PCA - Derivations and extensions

In this project, I explore different methods for performing Principal Component Analysis with the goal of providing a deeper intuitive understanding of the method and its applicability to data science problems.

Background

Thanks to the development of new experimental tools for measuring neural activity, neuroscience data is rapidly increasing in its dimensionality. As a result, dimensionality reduction methods, like PCA, are becoming more and more commonplace in neuroscience research. Therefore, when I started my PhD working with these types of neural datasets, I was looking for ways to deepen my understanding of PCA so that I could better understand how / when it could be applied to my data. In this project, I document some of the excercises that helped me to strengthen my grasp on the method.

PCA is also widely used outside of neuroscience and its application include data compression, data visualization, latent variable discovery etc. Using open source tools, such as sklearn, today anyone can easily apply PCA to their data. Therefore, I hope that the following excercies might also be useful to others that are using PCA and are looking for ways to dig a little deeper into the method. A basic knowledge of PCA and linear algebra is assumed throughout the following sections.

Tools used:

numpy
scipy
sklearn
matplotlib
seaborn

Full code available at: https://github.com/crheller/PCAdemos

Outline

  1. The basics
  2. PCA as an eigendecomposition problem
  3. PCA as a reconstruction optimization problem
  4. Extensions of PCA - Sparse PCA
  5. Summary

The basics

PCA is a linear dimensionality reduction method. The goal of dimensionalty reduction, in general, is to find a new represenation of the original data which maintains the data’s overall structure while also significantly reducing the number of dimensions needed to describe it. In the case of PCA, this is done by finding the ordered set of orthonormal basis vectors (called loadings) which capture the principal axes of variation in the original data. For every dataset of dimensionality \(D\), there exist \(D\) loading vectors which, together, fully capture the variance in the original data and can be thought of geometrically as describing a rotation of the original dataset. To reduce dimensionality, it is standard to discard a subset of loading vectors which capture only a small amount of variance. The number of dimensions to discard is determined by analysis of the Scree plot and can vary based on your given application. Finally, the data is transformed by projecting it onto the chosen set of loadings and using this new, low dimensional representation of the data, we can then reconstruct a “denoised”, low-rank version of the original data. The figure below gives a graphical intuition for these ideas, by applying PCA to a 2-D simulated dataset, \(\textbf{X}\).

Example visualization of PCA applied to a 2-D data matrix, X.

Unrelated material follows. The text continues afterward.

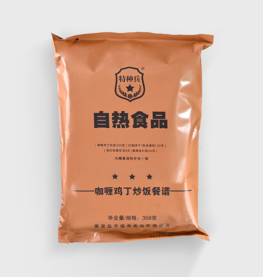 濃郁的咖喱湯汁,咸香可口的雞丁,顆顆飽滿的米飯,搭配陳皮果粒的壓縮餅干,幫助消化的同時(shí)又增加營養(yǎng)成分。香辣爽口的紅油金針菇和西紅柿蛋花湯,不需要繁瑣的烹飪也能隨時(shí)隨地享用充滿異域風(fēng)味又營養(yǎng)均衡的優(yōu)質(zhì)餐食。高溫滅菌工藝,使其擁有常溫下超長的保質(zhì)期(24個(gè)月)。簡單易操作,既可以注水后完成一刻鐘自加熱,也可微波加熱,無需明火,滿足速食時(shí)代“既便捷又營養(yǎng)健康”的追求。袋內(nèi)附有餐盒餐具,不論是工作日的午餐,還是戶外運(yùn)動(dòng)、野外探險(xiǎn)、應(yīng)急搶險(xiǎn)等多種場合,都可以讓你美餐一頓。
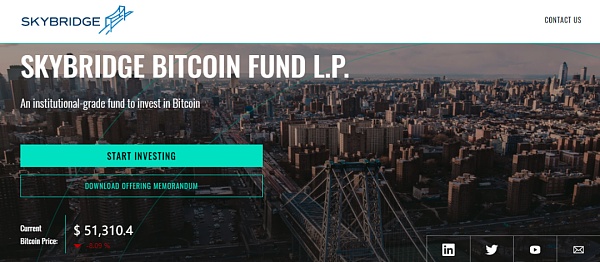 2021年1月4日,美國投資管理公司天橋資本(SkyBridge Capital)宣布推出比特幣基金——SkyBridge Bitcoin Fund L.P. ,為投資者提供對比特幣進行投資的機構級別的工具。在啟動前天橋資本及其關聯公司已經向該基金注資 2530 萬美元。此外,天橋資本代表其旗艦基金在2020年11月及12月投資于比特幣的基金頭寸已達3.1億美元。

PCA as an eigendecomposition problem

The previous section gives a general geometrical intuition for what you can achieve with PCA. However, when I started this project I wanted to learn more about how the problem is actually solved. To do this, I tried to implement PCA myself using numpy.

The most typical way PCA is solved is through eigendecomposition of the data covariance matrix, \(\Sigma\). This is the method used by most open source libraries, such as sklearn’s decomposition.PCA. Here, I step through this approach using “low level” linear algebra operations available in numpy and show that it is able to exactly reproduce the output of sklearn.

Data generation

To illustrate this approach, I again used a randomly generated 2-D synthetic data, \(X\) as above. To simplify things slightly, I generated mean-centered data (input data to PCA should always be mean-centered).

Step 1 - Compute the covariance matrix

cov = np.cov(X) # use numpy covariance function to compute covariance matrix of data
Left: Synthetic input data. Right: Covariance matrix of synthetic data.

Step 2 - Perform eigendecomposition

eigenvalues, eigenvectors = np.linalg.eig(cov) 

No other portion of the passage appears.